HDDS-14084. Log details of ineligible nodes in SCMCommonPlacementPolicy#filterNodesWithSpace #9439

jasonosullivan34 · 2025-12-05T12:21:15Z

What changes were proposed in this pull request?

HDDS-14084. updating metadata / data size check logs pipeline node selection to info

Please describe your PR in detail:
Updating log level for metadata and data size checks to info. These checks are done as part of the node selection for adding nodes to a pipeline

What is the link to the Apache JIRA

https://issues.apache.org/jira/browse/HDDS-14084

How was this patch tested?

workflow run on forked git repo

…cks during pipeline node selection

sodonnel

I think this change makes sense. Once concern is that the logs are emitted too frequently, but for that to happen, there must be a lot of nodes on the cluster that are out of space on all disks. That points to a wider cluster issue that needs to be resolved via balancing, adding capacity or removing data. With the logs at debug level, the problem is hidden unless someone thinks to enable debug on this class, and system wide debug is very noisy!

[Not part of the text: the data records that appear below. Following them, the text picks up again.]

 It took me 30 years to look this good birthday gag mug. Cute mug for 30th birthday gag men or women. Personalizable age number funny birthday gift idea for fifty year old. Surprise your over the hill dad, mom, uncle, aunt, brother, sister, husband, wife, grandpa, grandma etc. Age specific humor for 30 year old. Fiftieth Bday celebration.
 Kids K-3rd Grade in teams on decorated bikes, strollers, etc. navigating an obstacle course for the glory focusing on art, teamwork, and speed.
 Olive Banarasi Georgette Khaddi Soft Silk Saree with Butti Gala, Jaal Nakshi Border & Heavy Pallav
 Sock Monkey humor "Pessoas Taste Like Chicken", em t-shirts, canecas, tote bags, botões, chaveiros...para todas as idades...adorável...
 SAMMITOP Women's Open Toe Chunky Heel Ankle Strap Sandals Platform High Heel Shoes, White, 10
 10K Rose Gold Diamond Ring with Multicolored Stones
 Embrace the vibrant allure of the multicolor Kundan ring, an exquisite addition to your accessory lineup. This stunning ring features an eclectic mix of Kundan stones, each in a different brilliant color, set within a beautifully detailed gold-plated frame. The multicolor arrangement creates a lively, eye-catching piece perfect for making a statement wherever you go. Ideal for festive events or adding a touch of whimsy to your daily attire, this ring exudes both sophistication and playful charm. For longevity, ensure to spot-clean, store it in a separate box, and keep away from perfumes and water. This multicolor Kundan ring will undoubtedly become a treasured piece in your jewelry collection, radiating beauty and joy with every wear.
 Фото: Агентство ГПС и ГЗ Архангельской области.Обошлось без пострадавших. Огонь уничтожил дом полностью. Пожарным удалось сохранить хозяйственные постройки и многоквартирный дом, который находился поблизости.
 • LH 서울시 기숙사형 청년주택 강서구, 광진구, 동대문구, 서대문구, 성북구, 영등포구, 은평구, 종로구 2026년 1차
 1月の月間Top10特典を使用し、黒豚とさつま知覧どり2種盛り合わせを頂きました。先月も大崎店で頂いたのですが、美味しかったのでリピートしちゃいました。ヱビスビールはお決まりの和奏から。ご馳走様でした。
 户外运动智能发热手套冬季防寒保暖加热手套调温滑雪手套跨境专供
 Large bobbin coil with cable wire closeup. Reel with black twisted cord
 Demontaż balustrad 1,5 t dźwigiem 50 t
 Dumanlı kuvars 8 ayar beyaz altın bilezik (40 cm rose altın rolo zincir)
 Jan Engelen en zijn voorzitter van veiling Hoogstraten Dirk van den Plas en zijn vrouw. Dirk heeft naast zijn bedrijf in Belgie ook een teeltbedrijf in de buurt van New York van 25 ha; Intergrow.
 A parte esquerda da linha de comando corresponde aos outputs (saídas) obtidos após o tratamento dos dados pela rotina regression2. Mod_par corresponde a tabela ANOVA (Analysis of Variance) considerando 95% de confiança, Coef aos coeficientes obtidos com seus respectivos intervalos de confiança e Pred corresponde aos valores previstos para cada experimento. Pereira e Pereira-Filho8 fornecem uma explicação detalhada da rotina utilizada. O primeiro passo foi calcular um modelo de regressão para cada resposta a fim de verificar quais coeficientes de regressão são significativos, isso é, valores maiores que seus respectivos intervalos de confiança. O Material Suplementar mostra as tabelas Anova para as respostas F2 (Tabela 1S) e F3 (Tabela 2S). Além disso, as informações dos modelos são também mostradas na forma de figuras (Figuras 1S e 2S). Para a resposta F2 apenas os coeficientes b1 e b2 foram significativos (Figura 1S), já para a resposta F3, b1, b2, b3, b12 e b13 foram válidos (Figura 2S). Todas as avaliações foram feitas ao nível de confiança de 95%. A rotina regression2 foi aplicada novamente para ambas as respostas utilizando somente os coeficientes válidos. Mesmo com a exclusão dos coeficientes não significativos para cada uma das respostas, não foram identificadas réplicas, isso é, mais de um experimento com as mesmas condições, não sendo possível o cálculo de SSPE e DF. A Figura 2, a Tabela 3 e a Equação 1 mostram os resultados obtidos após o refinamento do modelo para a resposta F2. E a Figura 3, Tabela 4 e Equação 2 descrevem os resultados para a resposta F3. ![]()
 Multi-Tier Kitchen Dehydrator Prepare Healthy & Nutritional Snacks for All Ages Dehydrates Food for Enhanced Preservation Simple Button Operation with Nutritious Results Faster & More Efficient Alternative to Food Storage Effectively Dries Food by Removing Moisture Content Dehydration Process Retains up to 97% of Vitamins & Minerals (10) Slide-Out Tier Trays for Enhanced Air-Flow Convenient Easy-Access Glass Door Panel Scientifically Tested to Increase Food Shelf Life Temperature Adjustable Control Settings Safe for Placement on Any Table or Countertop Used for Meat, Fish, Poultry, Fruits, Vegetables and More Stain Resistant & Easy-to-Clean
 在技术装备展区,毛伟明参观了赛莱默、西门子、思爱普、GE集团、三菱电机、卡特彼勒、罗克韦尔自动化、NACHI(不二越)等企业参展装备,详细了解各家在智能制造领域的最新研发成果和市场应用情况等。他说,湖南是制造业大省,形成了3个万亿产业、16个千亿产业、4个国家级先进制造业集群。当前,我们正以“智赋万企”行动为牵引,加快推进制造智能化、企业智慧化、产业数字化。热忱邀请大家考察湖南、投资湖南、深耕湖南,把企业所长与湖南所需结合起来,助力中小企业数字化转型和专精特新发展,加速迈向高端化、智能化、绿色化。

adoroszlai · 2025-12-05T18:50:42Z

Once concern is that the logs are emitted too frequently

This method is called for several reasons, one of them is collecting metrics, which happens every 30 seconds according to #9418 (though I guess it depends on Prometheus and other settings).

My other concern is that this provides little information, only datanode ID/address and requested space. Please see AvailableSpaceFilter for a better approach: upon checking each volume, it keeps track of ones that are full, which are then printed by toString().

hadoop-hdds/server-scm/src/main/java/org/apache/hadoop/hdds/scm/SCMCommonPlacementPolicy.java

… and refactored SCMCommonPlacementPolicy.hasEnoughSpace to delegate to new checkSpace method

adoroszlai

Thanks @jasonosullivan34 for updating the patch.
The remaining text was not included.